Les médias anglo-saxons se sont longtemps étonnés de la relative “tolérance” des Français à l’égard de la vie privée de leurs dirigeants. Mais alors que les détails les plus intimes de la vie de DSK ont été révélés lors du procès dit “du Carlton”, le journaliste du New York Times Dan Bilefsky entrevoit un changement de tendance.
“L’affaire a libéré la France d’un tabou”, analyse-t-il dans un récent article, où il dresse le bilan du procès. Selon le journaliste américain, les récentes affaires du Sofitel de New York et du Carlton de Lille mettent à l’épreuve la culture très française du respect de la vie privée des hommes publics.
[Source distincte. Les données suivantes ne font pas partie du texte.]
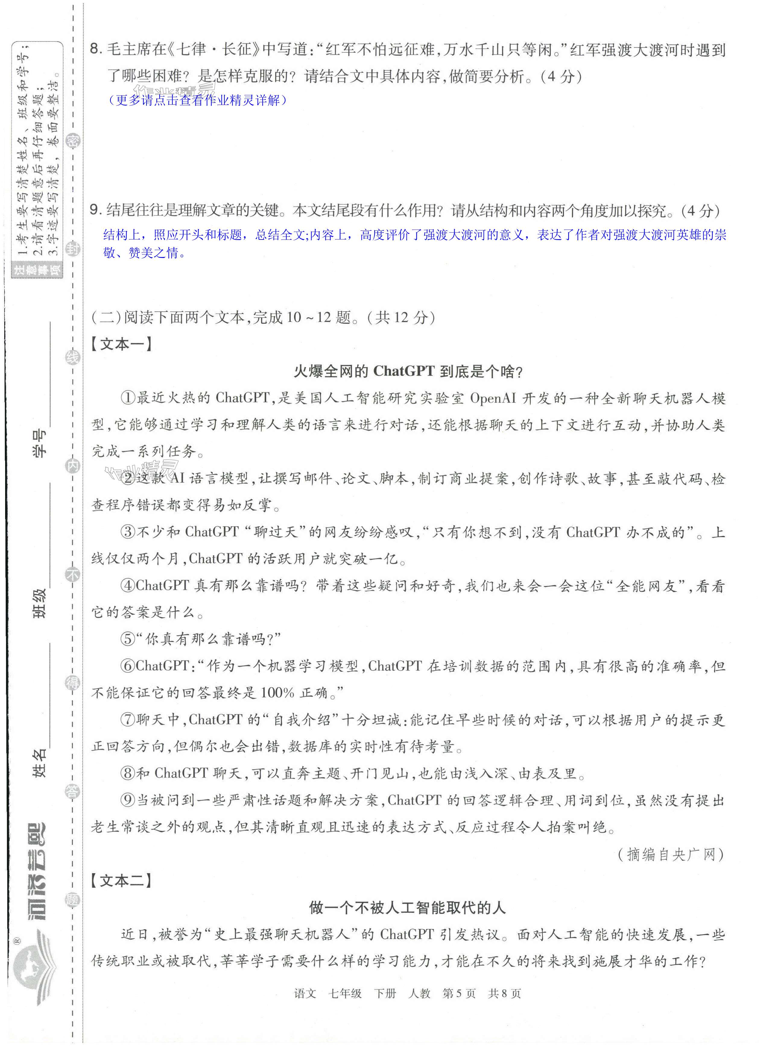注:目前有些书本章节名称可能整理的还不是很完善,但都是按照顺序排列的,请同学们按照顺序仔细查找。练习册 2024年期末考试必刷卷七年级语文下册人教版洛阳专版 答案主要是用来给同学们做完题方便对答案用的,请勿直接抄袭。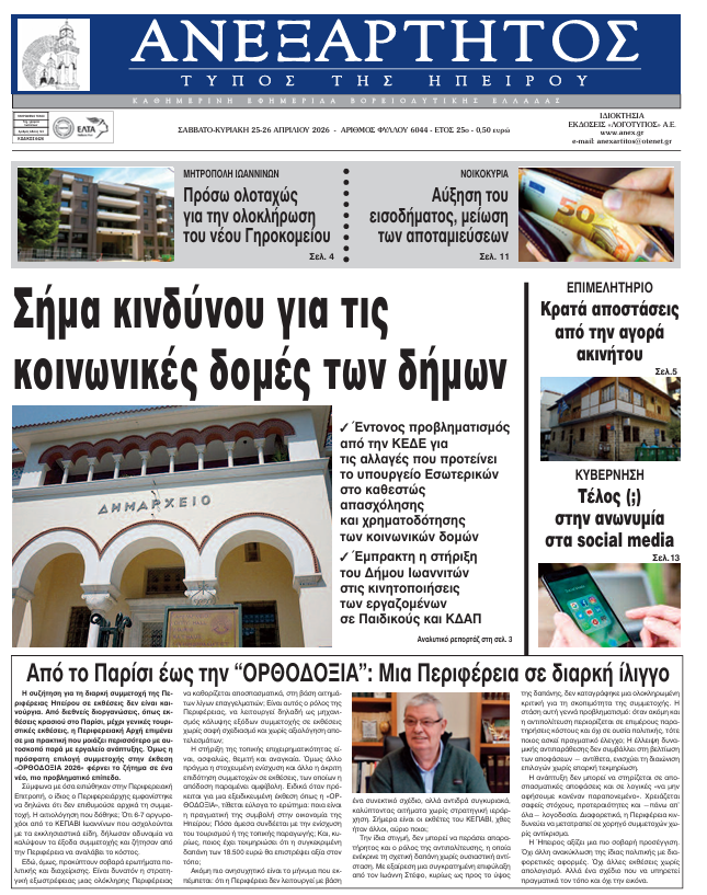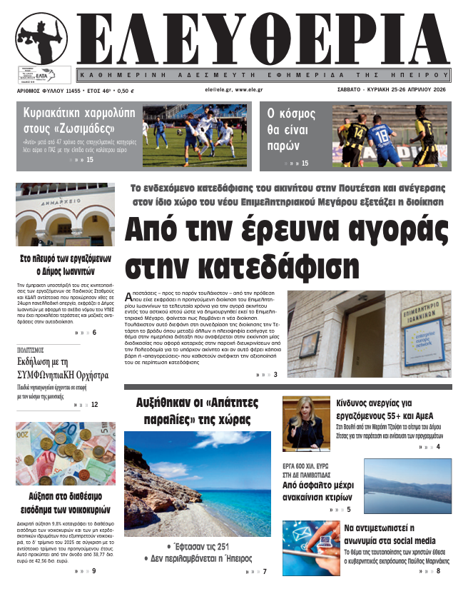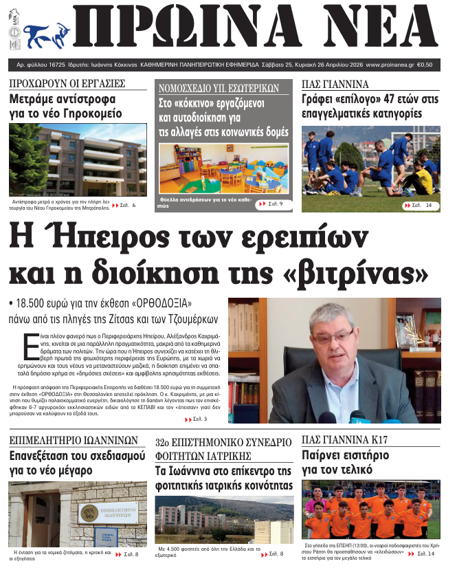 ΑρχικήTOP STORIES TOP STORIESΗΠΕΙΡΟΣ Τα πρωτοσέλιδα των γιαννιώτικων εφημερίδων 25.04.2026 0 FacebookTwitterWhatsAppEmailΤυπώνωViber Διαβάστε στα πρωτοσέλιδα των γιαννιώτικων εφημερίδων 25-4-2026 TagsΓΙΑΝΝΙΩΤΙΚΕΣ ΕΦΗΜΕΡΙΔΕΣΠΡΩΤΟΣΕΛΙΔΑ FacebookTwitterWhatsAppEmailΤυπώνωViber Προηγούμενο άρθροΗ Ήπειρος των ερειπίων και η διοίκηση της «βιτρίνας»: 18.500 ευρώ για την έκθεση «ΟΡΘΟΔΟΞΙΑ» πάνω από τις πληγές της Ζίτσας και των ΤζουμέρκωνΕπόμενο άρθροΚυριακάτικη χαρμολύπη στους «Ζωσιμάδες» ΣΧΕΤΙΚΑ ΑΡΘΡΑ Τα πρωτοσέλιδα των γιαννιώτικων εφημερίδων ΗΠΕΙΡΟΣ 24.04.2026 Τα πρωτοσέλιδα των γιαννιώτικων εφημερίδων ΗΠΕΙΡΟΣ 23.04.2026 Τα πρωτοσέλιδα των γιαννιώτικων εφημερίδων ΗΠΕΙΡΟΣ 22.04.2026 Τα πρωτοσέλιδα των γιαννιώτικων εφημερίδων ΗΠΕΙΡΟΣ 21.04.2026 Τα πρωτοσέλιδα των γιαννιώτικων εφημερίδων ΗΠΕΙΡΟΣ 18.04.2026 Τα πρωτοσέλιδα των γιαννιώτικων εφημερίδων TOP STORIES 17.04.2026 ΣΤΗΝ ΙΔΙΑ ΚΑΤΗΓΟΡΙΑ 4.500 φοιτητές Ιατρικής στα Ιωάννινα ΗΠΕΙΡΟΣ 25.04.2026 Στο πλευρό των εργαζόμενων ο Δ. Ιωαννιτών ΗΠΕΙΡΟΣ 25.04.2026 Η Ήπειρος των ερειπίων και η διοίκηση της «βιτρίνας»: 18.500 ευρώ για την έκθεση «ΟΡΘΟΔΟΞΙΑ» πάνω από τις πληγές της Ζίτσας και των Τζουμέρκων ΗΠΕΙΡΟΣ 25.04.2026 Ο «χάρτης» των πληρωμών από 27 έως 30 Απριλίου από e-ΕΦΚΑ και ΔΥΠΑ TOP STORIES 25.04.2026 Απαγόρευση αλιείας από 1 έως και 31 Μαΐου ΗΠΕΙΡΟΣ 25.04.2026 Από την έρευνα αγοράς στην κατεδάφιση ΗΠΕΙΡΟΣ 24.04.2026 ΜΗ ΧΑΣΕΤΕ Η Ήπειρος των ερειπίων και η διοίκηση της «βιτρίνας»: 18.500 ευρώ για την έκθεση «ΟΡΘΟΔΟΞΙΑ» πάνω από τις πληγές της Ζίτσας και των Τζουμέρκων Ο «χάρτης» των πληρωμών από 27 έως 30 Απριλίου από e-ΕΦΚΑ και ΔΥΠΑ Από την έρευνα αγοράς στην κατεδάφιση Περιφέρεια και Δήμος απέναντι στην ΚΤΥΠ για τη Ζωσιμαία Πρώτο βήμα η νυχτερινή διέλευση και βλέπουμε ΔΗΜΟΦΙΛΗ Tρία κρούσματα λεπτοσπείρωσης στη Ζάκυνθο -Νεκρός 74χρονος 4.500 φοιτητές Ιατρικής στα Ιωάννινα Στο πλευρό των εργαζόμενων ο Δ. Ιωαννιτών Κυριακάτικη χαρμολύπη στους «Ζωσιμάδες» Τα του Καίσαρος…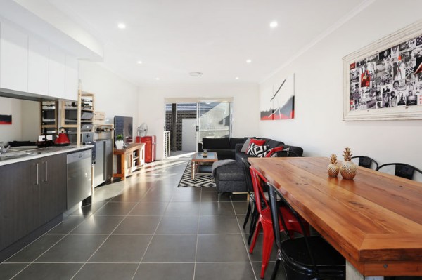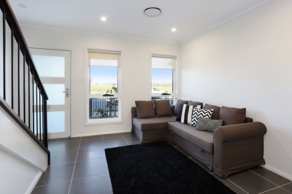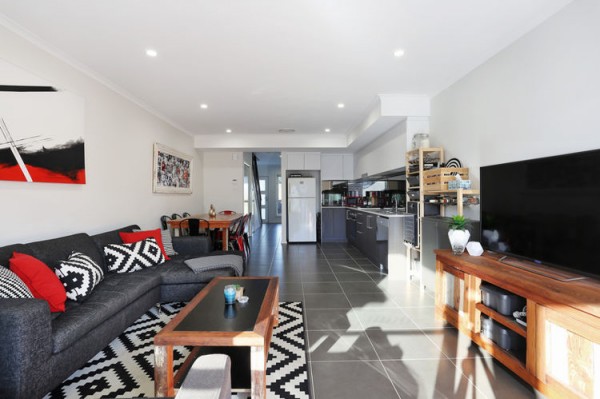 * Tiled open plan living area and carpet to bedrooms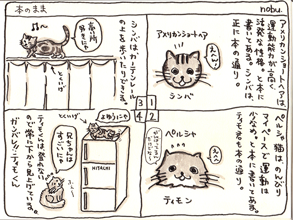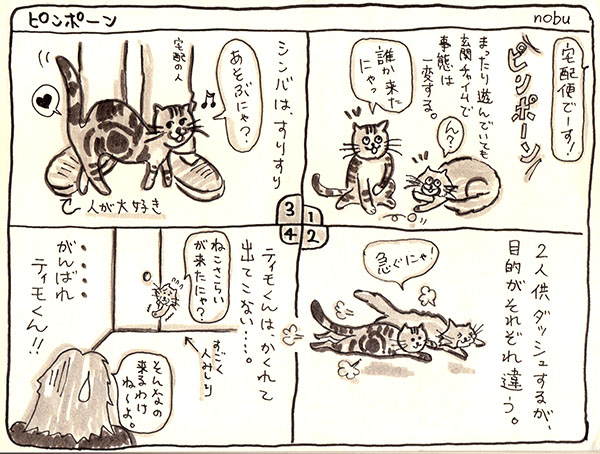 ペルシャ・男の子・2012年 10月20日生まれ。性格はおっとりで人見知り。ねこだけど、おまんじゅうみたいな体格なので運動神経はビミョー。特技は持ち上げると手足をだらり〜んとする(特技と呼べるのか?)呼び名はティモくん。シンバ兄ちゃんが大好きで常に遊びの催促をするが、しばしば度を過ぎてシンバに叱られる。....が、良くわかっていない。高い所にはあまり登れない。だいたいの事はシンバの真似をして覚えた。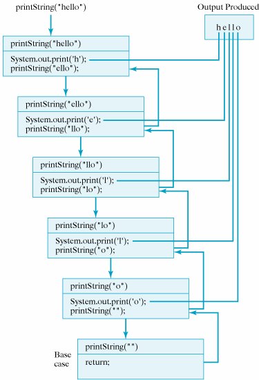 Note also the order in which things are done in this method. First s.charAt(0) is printed, and then s.substring(1) is passed to printString() in the recursion. This is a typical structure for a head-and-tail algorithm. What makes this work is that the tail is a smaller, self-similar version of the original structure.
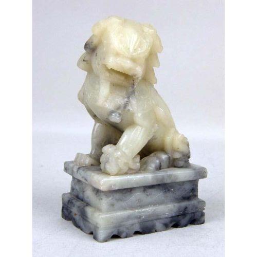 A CARVED HARDSTONE CHINESE LION<BR><BR>On squared base, 5-3/4"high
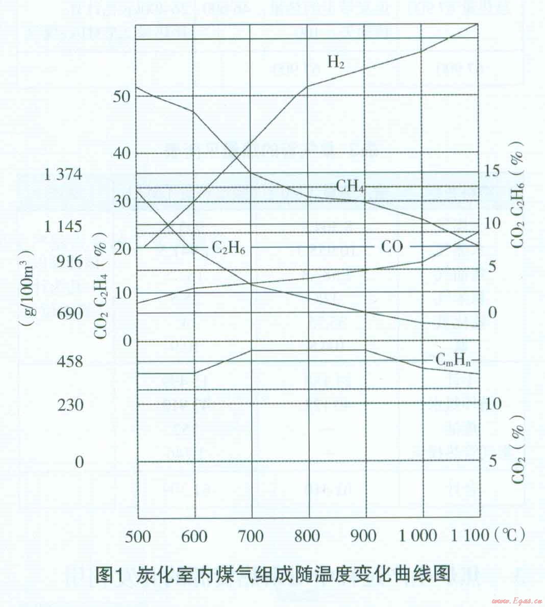 由圖l可以看出,煤氣中甲烷及其同系物,二氧化碳的含量是隨著溫度的升高而降低,而氫及一氧化碳含量是隨著溫度升高而增加的,烴含量在800℃一900℃時達到最大值。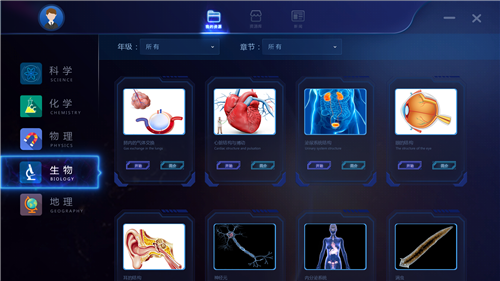 云幻科教根據教育現狀,針對于小學教育、初中教育、高中教育的不同需求,研發建設與各學科相配套的3D互動教學資源庫,設置演示、交互、練習三大部分。3D互動教學資源庫包括科學、化學、數學、物理、生物、地理等學科資源,為老師提供前沿、創新、有效的教學輔助資料,為學生營造身臨其境的沉浸式學習氛圍。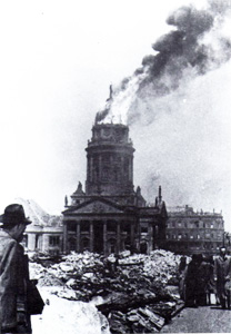 Le lycée a été détruit en grande partie début mai 1945. Les élèves et professeurs qui avaient survécu à la guerre à Berlin, se rassemblèrent dès le mois de mai 1945 autour du professeur Ernst Lindenborn qui recommenca ses cours. Ceux-ci avaient lieu dans une des pièces de la cathédrale francaise de Berlin en partie détruite. Une armoire en bois foncé servait de tableau.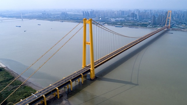 10月8日,武汉杨泗港长江大桥正式通车(无人机拍摄)。大桥上层为城市快速路,双向6车道,设计行车时速80公里;下层为城市主干道,双向6车道,设计行车时速60公里。大桥上层为城市快速路,双向6车道,设计行车时速80公里;下层为城市主干道,双向6车道,设计行车时速60公里。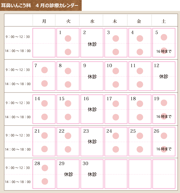 耳鼻いんこう科 4月の診療カレンダー

S’il est fort probable que l’ancien directeur du FMI soit acquitté, l’affaire n’en aurait pas moins franchi un cap propre à “légitimer les dérives privées de tout dirigeant”.
“Une phase nouvelle”
“Avec DSK, nous entrons dans une phase nouvelle”, explique-t-il en citant directement le biographe de l’intéressé, Michel Taubmann, auteur de The May 2011 episode. Michel Taubmann y décrit la soirée du 14 mai 2011 comme le point de départ de cette nouvelle tendance. “Avant l’affaire du Sofitel à New York, tout le monde savait que DSK avait une vie privée controversée mais personne n’avait jusqu’alors osé en parler. Maintenant les gens n’hésitent plus à observer la vie privée des politiques par le trou de la serrure, mais contrairement aux Etats-Unis, en France ce n’est pas forcément pour une question de morale”. Une analyse que semble confirmer la très forte médiatisation de la liaison du président François Hollande avec l’actrice Julie Gayet, en février 2014.
Le journaliste rappelle que les excuses publiques “à la Clinton” ont longtemps été considérées en France comme “peu nécessaires, voire peu dignes”, avant d’ajouter que l’ancien directeur du FMI s’était contenté de répondre aux journalistes qu’il n’était pas jugé pour “son comportement sexuel”. Et pourtant le traitement de l’affaire a atteint un niveau d’indiscrétion qui surpasse certainement ce que l’ex-président américain Bill Clinton a été amené à endurer lors de la révélation de sa liaison avec Monica Lewinsky, en 1995.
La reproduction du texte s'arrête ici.